The Anatomy of a JWT

Where JWTs Are Used in Practice

Standards and Security Milestones

More frequently asked questions

Why does this tool not verify the signature?

Verification needs a secret (HMAC) or public key (RSA / ECDSA / EdDSA). Pasting a production HMAC secret into any website is a credential leak in itself, even on a tool that swears it does not transmit anything. Verification belongs on a server you control. The decoder's job is to make the contents readable so you can see what your verifier should be checking.

Is it safe to paste real production tokens here?

Decoding happens entirely in your browser. The token is not sent over the network, written to any log, or stored anywhere. That said, a JWT often is a credential: anyone holding an unexpired access token can act as the user. The community convention is «treat a production JWT like a session cookie»: prefer test tokens when you can, and rotate any real token you have shared anywhere outside the browser session that minted it.

Where should I store a JWT in the browser?

The two common patterns each have a tradeoff. localStorage is convenient but readable by any successful XSS attack on the page. Cookies with HttpOnly are invisible to JavaScript so XSS cannot read them, but they need SameSite=Strict or SameSite=Lax to avoid CSRF. The current best practice: short-lived access tokens in a JavaScript variable (memory only) plus a long-lived refresh token in an HttpOnly + Secure + SameSite=Strict cookie scoped to the refresh endpoint, rotated on every use.

What does the kid field in the header do?
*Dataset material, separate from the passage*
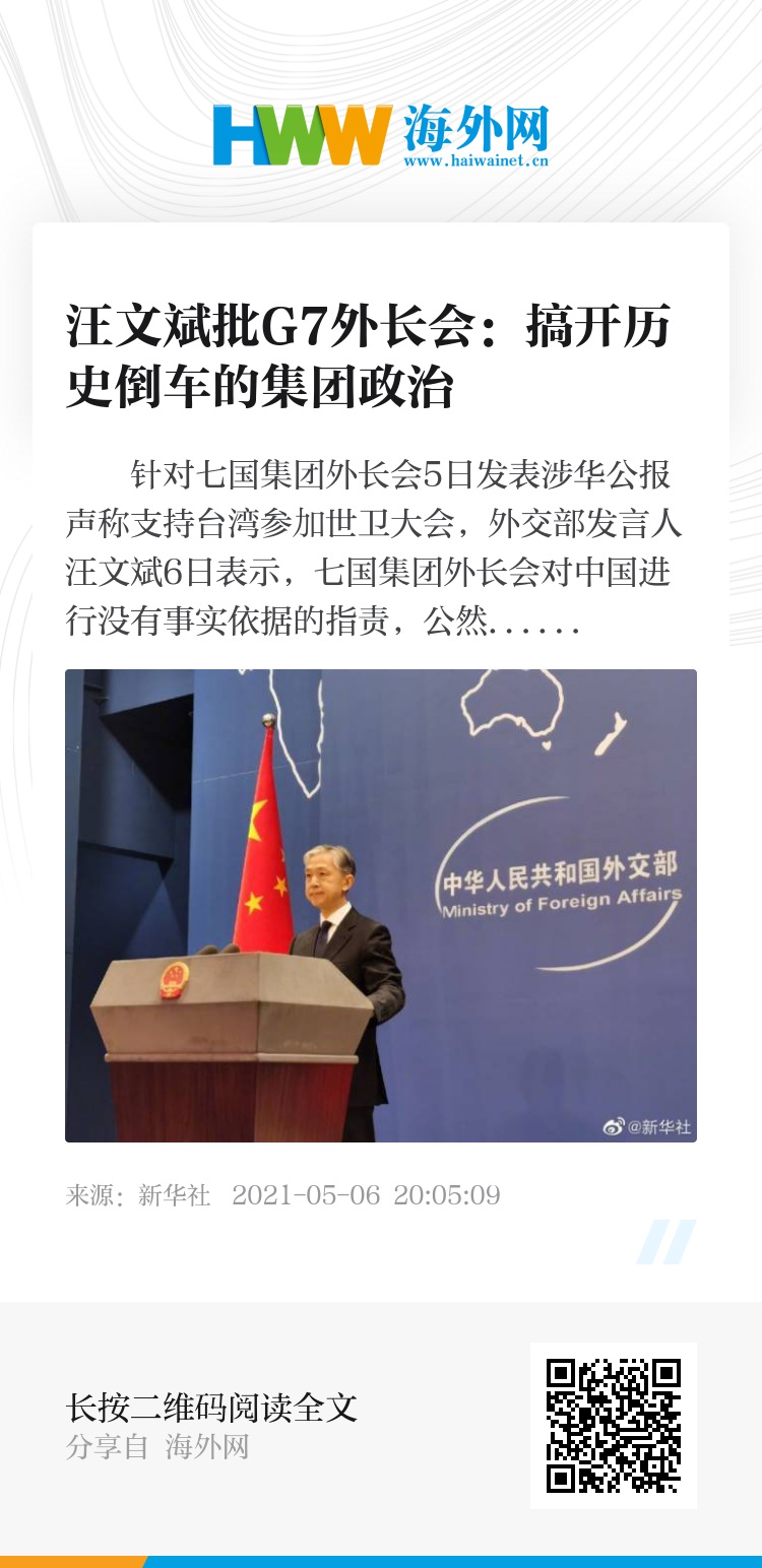 针对七国集团外长会5日发表涉华公报声称支持台湾参加世卫大会,外交部发言人汪文斌6日表示,七国集团外长会对中国进行没有事实依据的指责,公然插手中国的内部事务,搞开历史倒车的集团政治,这是对中国主权的粗暴干涉,是对国际关系准则的肆意破坏,违背和平、发展、合作、共赢的时代潮流,中方对此予以强烈谴责。七国集团当中包括疫情最严重和医疗技术最先进的国家,理应聚焦国际抗疫合作,促进疫苗公平分配,而不是只顾自身囤积疫苗,对帮助其他国家只做些不疼不痒的表态,更不应以高人一等的心态对他国横加指责、干涉,破坏国际抗疫合作这个当前的头等大事。“我们敦促有关国家正视自身存在的问题,纠正在抗疫问题上自私自利的行为,停止泛化国家安全概念的错误行径。无视国际关系基本准则,制造各种借口干涉中国内政、损害中国主权、抹黑中国形象的企图绝不会得逞。”

It identifies which key signed the token. Modern identity providers publish their public keys at a /.well-known/jwks.json endpoint as a JWK Set (RFC 7517); the verifier looks up the key whose kid matches the token's header. This is what makes zero-downtime key rotation possible: both old and new keys can sit in the JWKS during the grace period.
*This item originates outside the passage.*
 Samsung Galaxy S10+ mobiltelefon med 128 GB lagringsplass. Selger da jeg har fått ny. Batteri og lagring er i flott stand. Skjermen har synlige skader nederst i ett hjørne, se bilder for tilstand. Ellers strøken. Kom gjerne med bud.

Can I revoke a JWT once it has been issued?

Not natively. A signed JWT is valid until its exp claim; that statelessness is the format's headline property. Workarounds: keep access tokens short (5-15 minutes) paired with a revocable refresh token; maintain a server-side deny list of revoked jti values; rotate the signing key (which invalidates every outstanding token signed with it). Each option re-introduces some statefulness; that's the trade.
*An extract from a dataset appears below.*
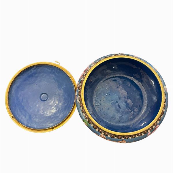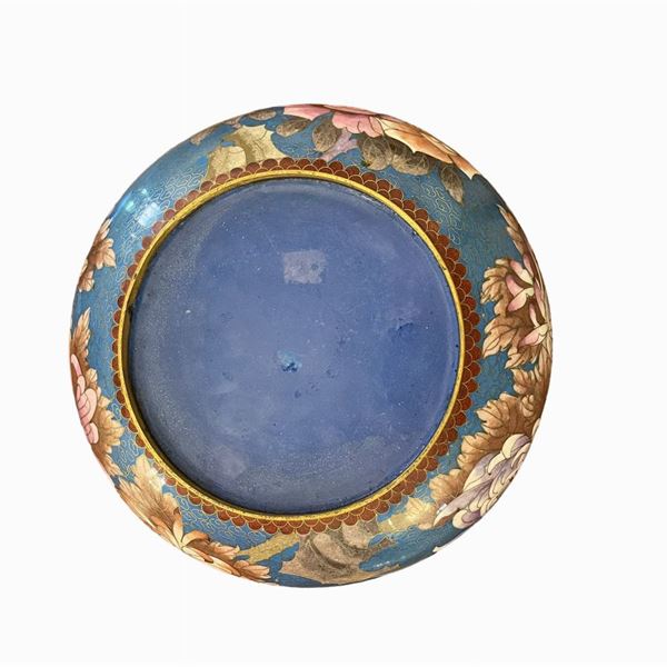 di forma a cipolla, in bronzo a fondo blu con decoro floreale alla peonia. Cina

Is decoding a token the same as decrypting it?

No. Decoding reverses base64url back to JSON: anyone can do it, and that is the point. Decrypting requires a key and only applies to JSON Web Encryption (JWE, RFC 7516), which is the encrypted variant of the JOSE family. Most tokens you see in the wild are JWS (signed but not encrypted), so decoding is enough to read them.